Posts Tagged: red pollen
Getting the Red Out
"Where do bees get red pollen?" we were asked. "We've seen bees packing blood-red pollen at the entrance to a hive."
Well, one flower that yields red pollen is rock purslane (Calandrinia grandiflora). It's a drought-tolerant perennial, a succulent.
Interestingly enough, the blossom itself is neon pink or magenta, the kind that cyclists wear to be seen.
Rock purslane attracts its share of honey bees, bumble bees, carpenter bees, leafcutter bees and sweat bees. Other pollinators, including flies, land on it, too. It's a good plant to brighten your garden and to observe the wide variety of floral visitors.
Other flowers that yield red pollen include henbit (Lamium amplexicaule) and horse chestnut (Aesulus hippocastanum).
Bees collect pollen as a protein source to rear their brood.
"The importance of pollen to the health and vigor of the honey bee colony cannot be overstated," writes Norman Gary, emeritus professor of entomology, in his book, Honey Bee Hobbyist, The Care and Keeping of Bees. "Honey satisfies the bees' carbohydrate requirement, while all of the other nutrients--minerals, proteins, vitamins and fatty substances--are derived from pollen."
"Nurse bees consume large amounts of pollen, converting it into nutritious secretions that are fed to developing larvae," Gary points out. "During an entire year, a typical bee colony gathers an consumes about 77 pounds of pollen."
And some of it is red!

Honey bee packing red pollen from rockpurslane. (Photo by Kathy Keatley Garvey)

Honey bee heading toward rock purslane. (Photo by Kathy Keatley Garvey)
Red-Eye Flight?
Unlike airplane pilots, honey bees don't file a flight plan.
They know where they're going because their sisters tell them with their waggle dances.
Pollen. Nectar. Propolis. All good.
Bees seem to really like the pollen on rock purslane (Calandrinia grandiflora). It's red, but they can't see red; red appears to them as black.
Gardeners who grow rock purslane (Calandrinia grandiflora) in their yards are accustomed to seeing bees gathering red pollen.
Beekeepers? When they open their hives and see all the different colors of pollen--including yellow, orange, pink, purple, white and red--do they know where the red might have come from?
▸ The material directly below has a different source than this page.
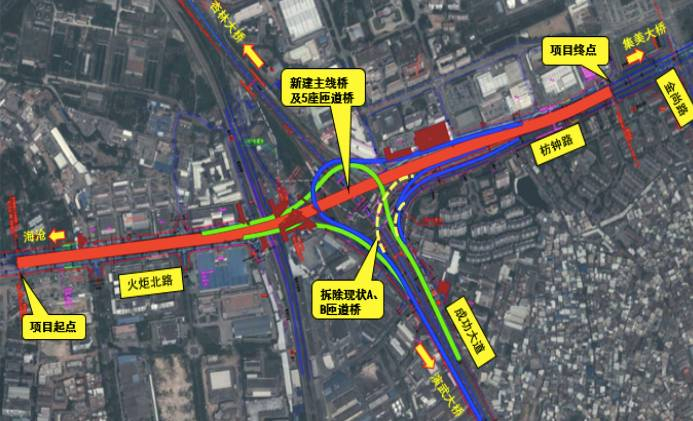 起于海沧隧道火炬北路洞口,以桥梁形式上跨鹰厦铁路和成功大道后,落地与枋钟路衔接,路线全长1.7公里,主要建设内容为现状成功大道机场立交的提升改造,包含新建一座主线桥、五座匝道桥,以及沿线道路改造、绿化等工程。
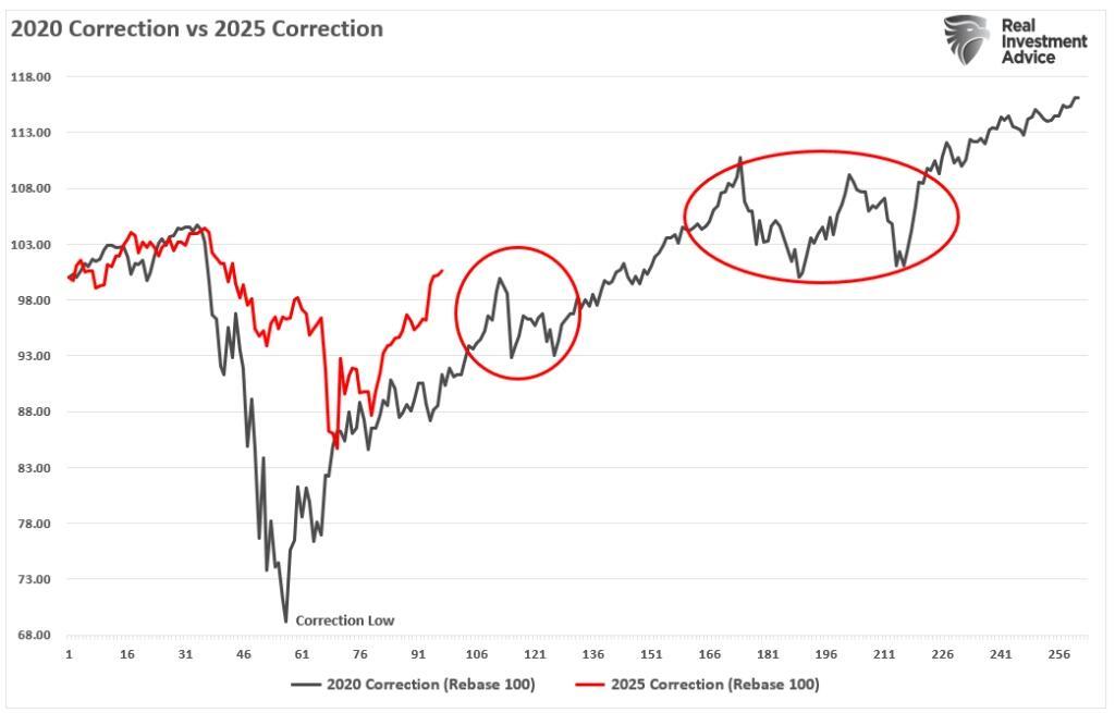 Given the reduction in tariff-related risk and stable economic data, we suspect the market will hold bullish support. That statement follows our analysis from earlier this week, which discussed whether we have returned to a bull market or if this is still a bear market rally. That analysis compared the current market advance to the 2022 corrective cycle. However, that article elicited quite a few comments about why the recent “tariff” sell-off could be like the 2020 COVID-pandemic decline and recovery. It’s a fair question and worth a few words.

Interestingly, last year a beekeeper in the Red Hook neighborhood of Brooklyn, N.Y., reported seeing red--red honey. Finally, she realized her bees had been sipping maraschino cherry juice from vats at a nearby maraschino cherry company and bringing red "nectar" back to the hives.
It didn't taste like honey. That's because it wasn't.
The New York Times noted: "A fellow beekeeper sent samples of the red substance that the bees were producing to an apiculturalist who works for New York State, and that expert, acting as a kind of forensic foodie, found the samples riddled with Red Dye No. 40, the same dye used in the maraschino cherry juice."
Bee can't see red but a lot of other folks did.